Alors peut-on rire de tout, en littérature ? Réponse en lisant La Zone d’intérêt…


L’histoire se lit comme une pièce de théâtre, un vaudeville de camp de concentration réunissant Paul Doll, commandant du camp de concentration, alcoolique et obsédé, Hannah son épouse, belle et rebelle, et Angelus Thomsen, un officier de liaison SS qu’on nous dit maniéré, mais qui tombe éperduement amoureux de la femme du commandant.


Autour d’eux ? La mort, évidemment. L’abominable machine de destruction nazie tourne à plein régime, les trains se succèdent, les cadavres deviennent une problématique sanitaire : l’odeur des charniers rend l’air irrespirable et contamine l’eau.
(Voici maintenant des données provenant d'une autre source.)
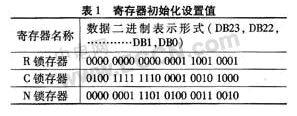 主分頻比N=1.5 GHz/200 kHz=7 500 。需要注意的是:雙模前置分頻器(P/P+1)輸出頻率要求小于300 MHz。因此選擇P/P+1=16/17,根據(jù)N=BF+A(A、B為整數(shù)),得到A=12,B=468。3個(gè)24位鎖存器的初始化設(shè)置如表1所示。
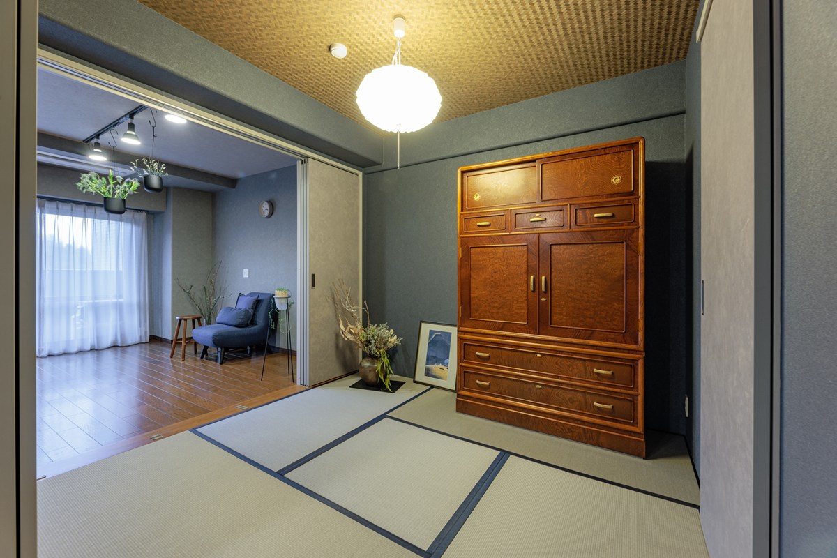 和室奥の入口がウォークスルークローゼットの入口。和室の建具は、壁の戸袋(写真左)にすっきり収まる3枚上吊り戸に

Pour les prisonniers encore en vie, c’est le travail forcé pour les industriels allemand, l’ultime effort de guerre, jusqu’à ce que leur cadavre rejoigne les nombreux autres qui attendent d’être réduits en cendre.


Au loin, les échos du front Russe, qui ne trompent personne sur le déclin de ce Troisième Reich qui devait durer mille ans, et qui n’en tiendra même pas dix. Dans cette ambiance cernée de tristesse, cette machine de mort, Thomsen courtisera Hannah sous les yeux fous de jalousie de Doll, lui-même pas très fidèle, et bien décidé à se débarasser de son épouse trop libertine…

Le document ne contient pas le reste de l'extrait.